Improve % of perfectly replicated CDR3s when using a NT CDR3

[JamieHeather]

Currently when submitting a rearrangements using nucleotide CDR3s, Stitchr will produce a small proportion of TCRs where the stitched nucleotide sequence does not exactly replicate the sequence that appeared in the original TCR (see Fig 3D of the NAR paper. This is due to Stitchr determining the edge of the germline-encodable sequence at the codon level, but V(D)J recombination will often delete only part of a codon and then P/NP/D gene nucleotide additions can complete a different but redundant codon encoding the same amino acid (see Fig 1C of the paper. Of course the final stitched amino acid may be the same, but it would be nice for these nucleotide-provided CDR3s to perfectly match the actual rearranged TCR, without needing to resort to the slower seamless option.

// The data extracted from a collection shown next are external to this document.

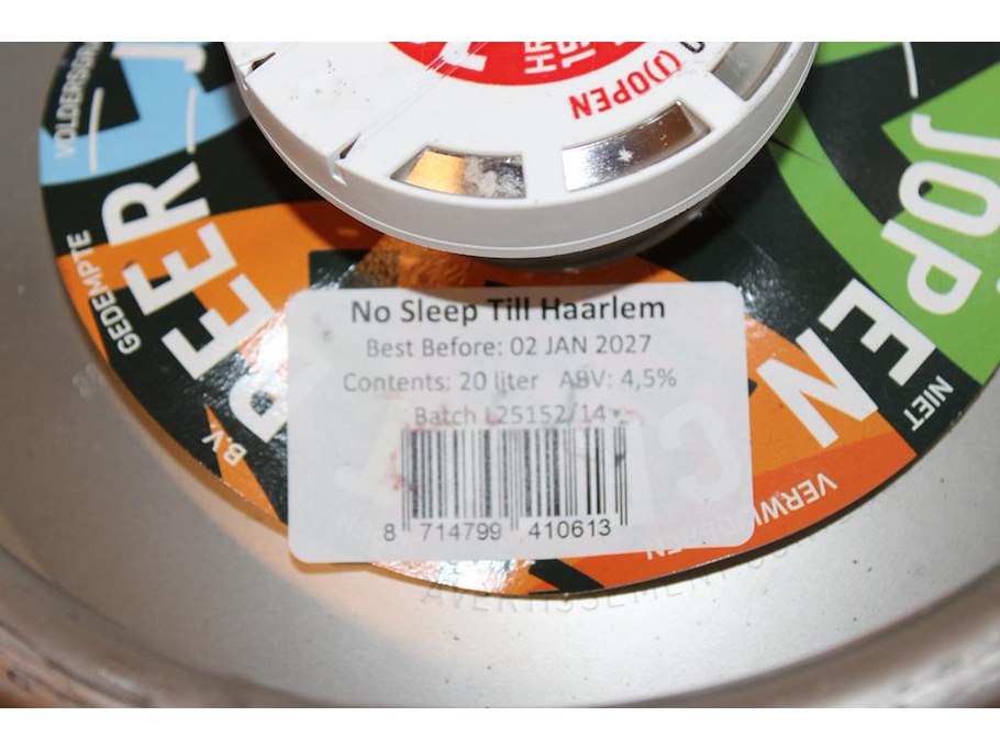 Bierfust 20 liter jopen no sleep till harlem. tht 1-27.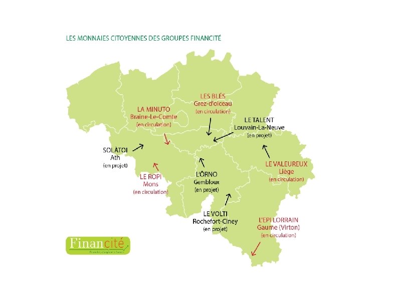 2. 3 Les monnaies citoyennes dans nos contrées Rassemblées au sein du Réseau Financité, il existe depuis 2012 une dizaine de projets de monnaies citoyennes à Bruxelles et en Wallonie. En 2016, 5 projets ont vu le jour et 7 sont en cours : - Les épis en Gaume, les ropis à Mons-borinage, les blés dans le Brabant, les minutos à Braine-le-Comte et les Valeureux à Liège. - Projets dans les régions de Tournai, Gembloux, Rochefort-Ciney, Namur, Ath, Louvain-la-neuve, Stavelot. Objectifs : Favoriser les circuits courts (producteurs-consommateurs), relocaliser l'économie et soutenir un développement ; remettre le citoyen au coeur des débats et prises de décisions, notamment sur la finance et la question monétaire ;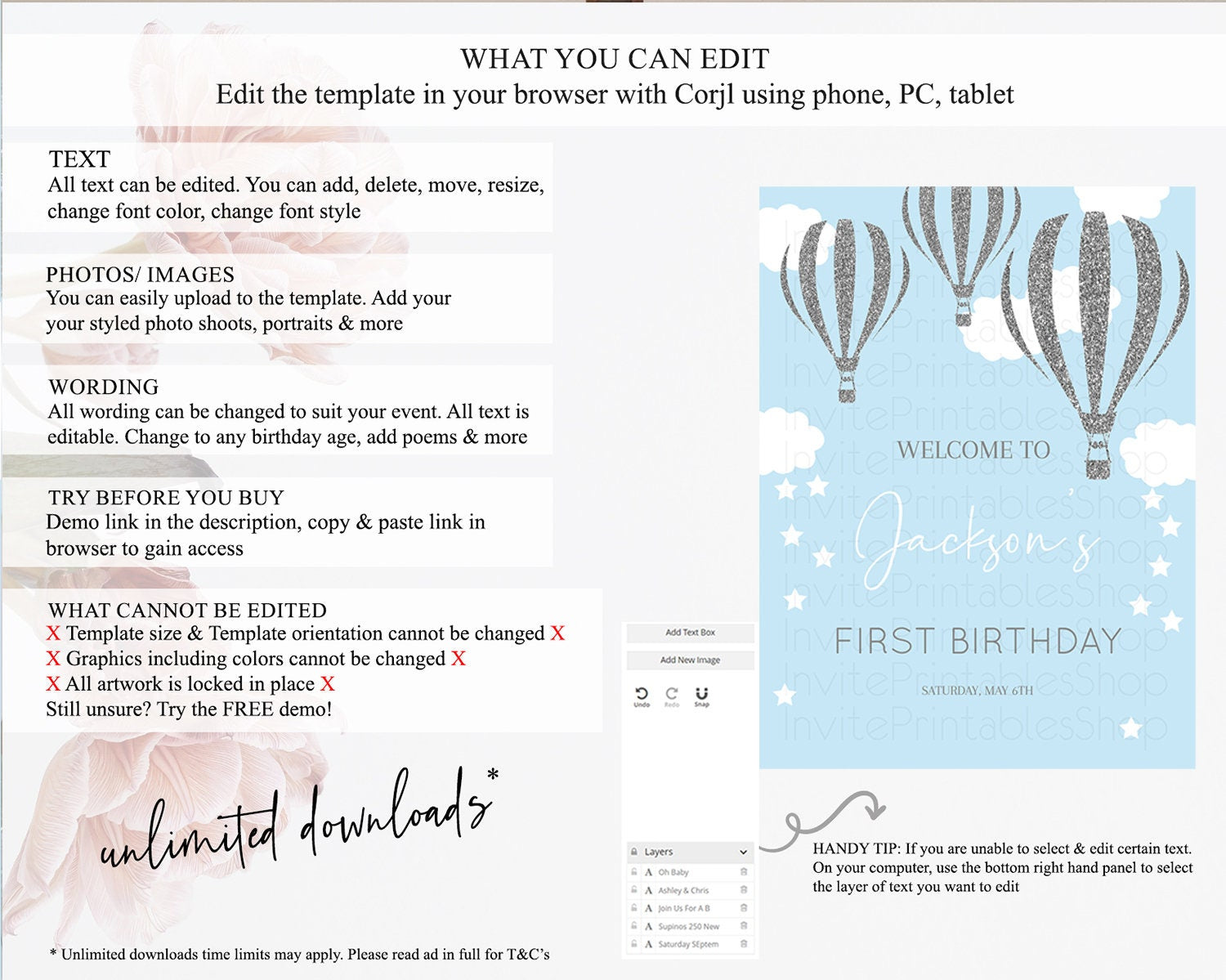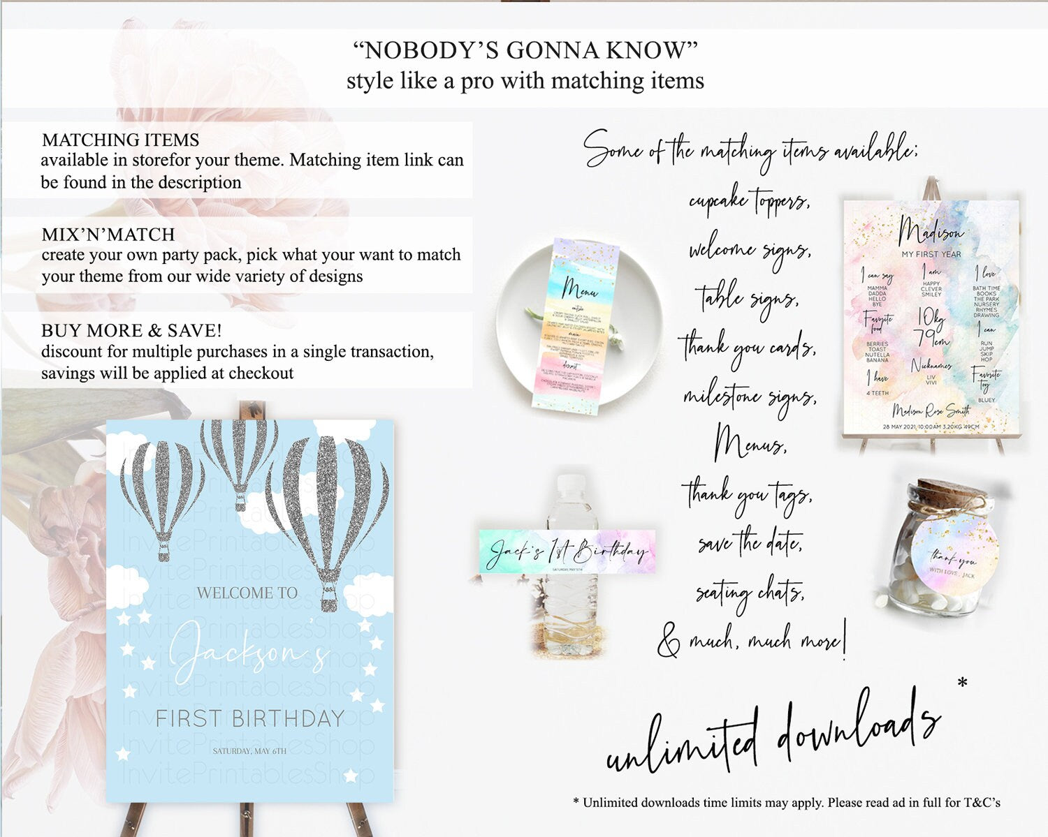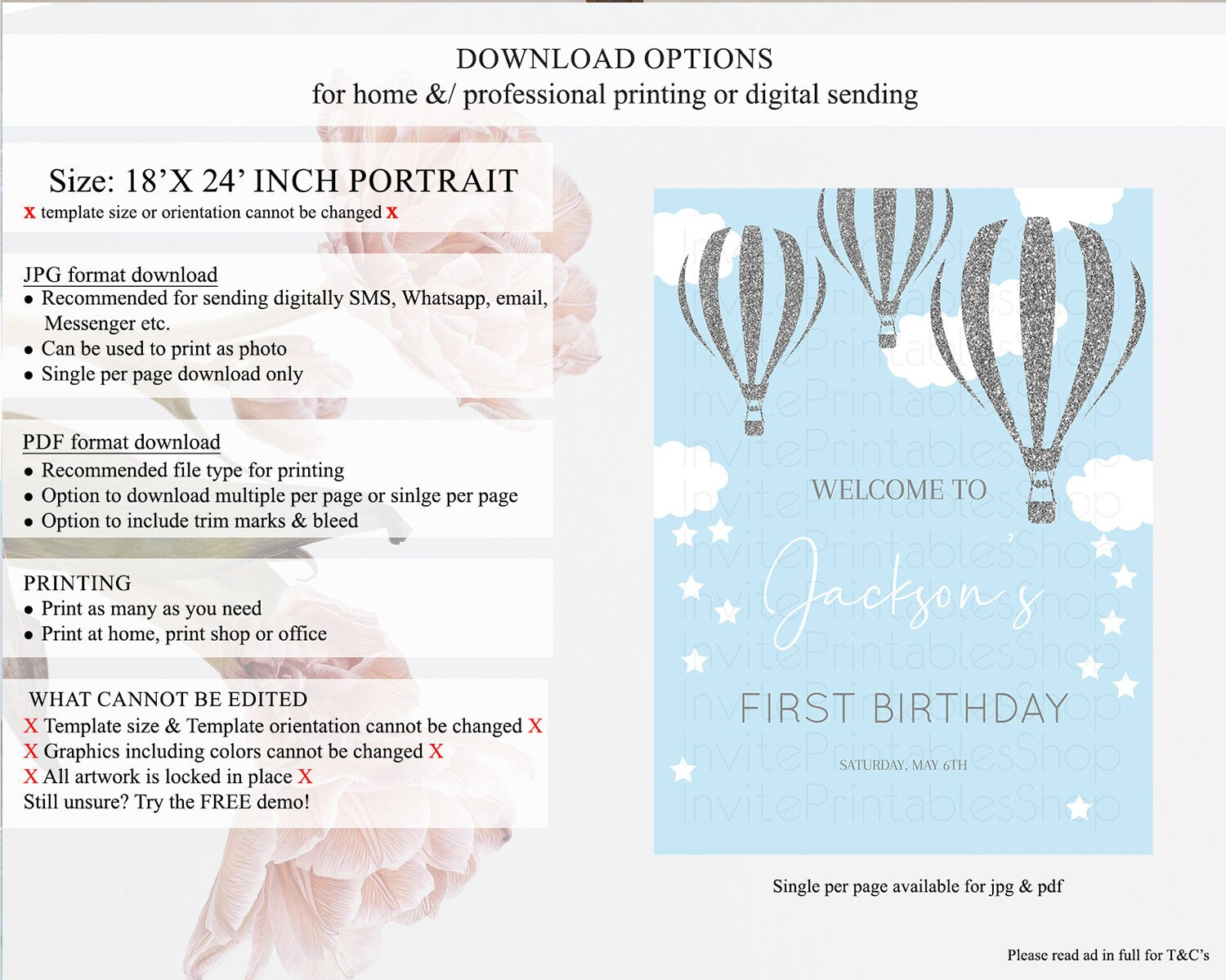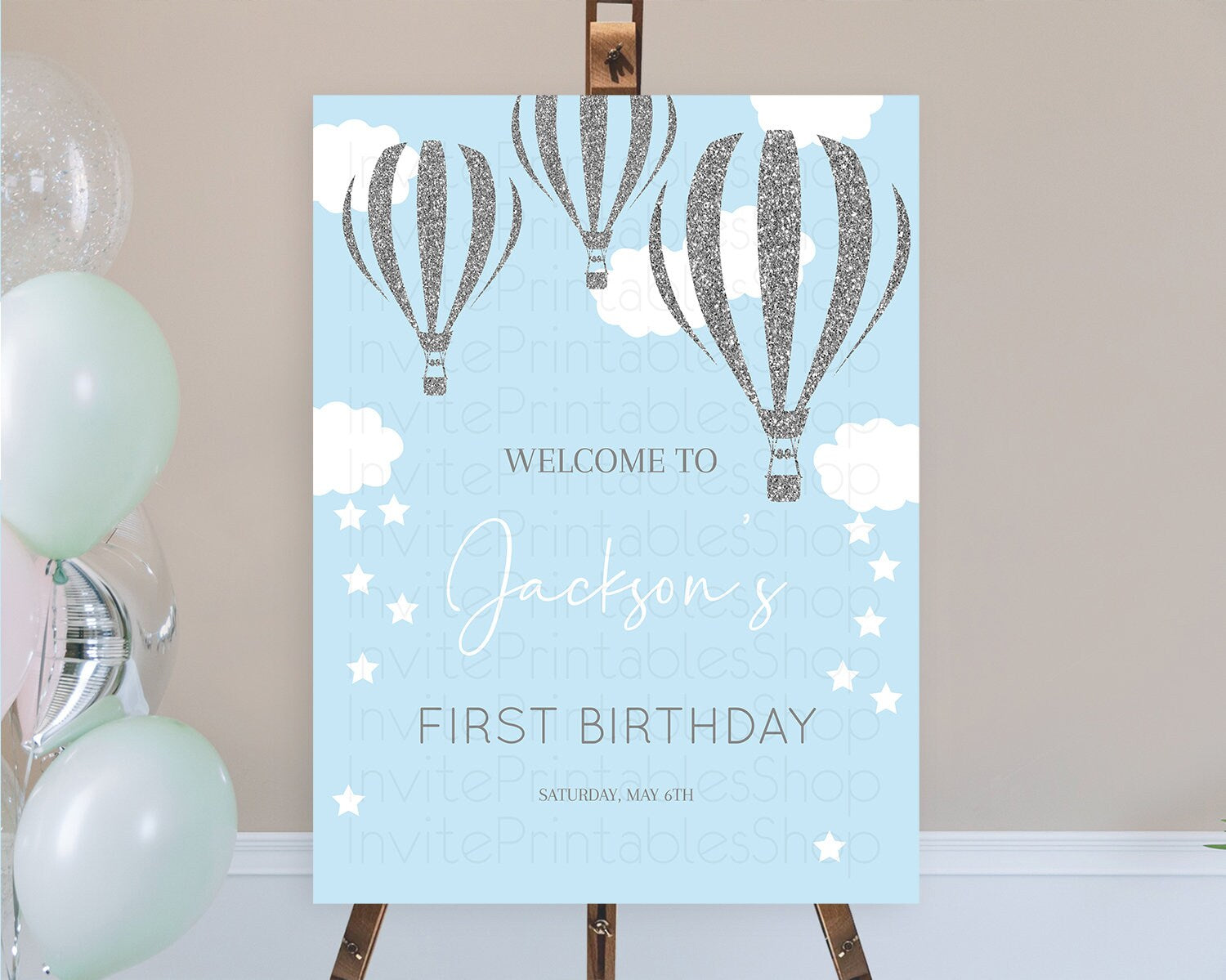 Hot Air Balloon First Birthday Welcome Board Hot Air Balloon Welcome Board Adventure Awaits Watercolor First Birthday Welcome Sign D10335

It's just occurred to me, but the vast majority of these mismatches could probably be avoided by with a simple switch. Currently the NT-CDR3 option copies the AA-CDR3 option, defining the wholly-germline encodable and then filling in with the non-templated sequence. Instead, when using NT-CDR3 the script could delete one amino acid further back from the edge of what is potentially encodable, and simply add back in an extra 3 NT from the provided CDR3 sequence.

It still wouldn't be 100% perfect (as rare TCRs will have coincidentally deleted further back and replaced multiple redundant codons), but it would improve accuracy a lot.

Giving the sparsity of applications that need this I won't be implemented this in a hurry, but I'm adding this here in case anyone needed it and fancies implementing.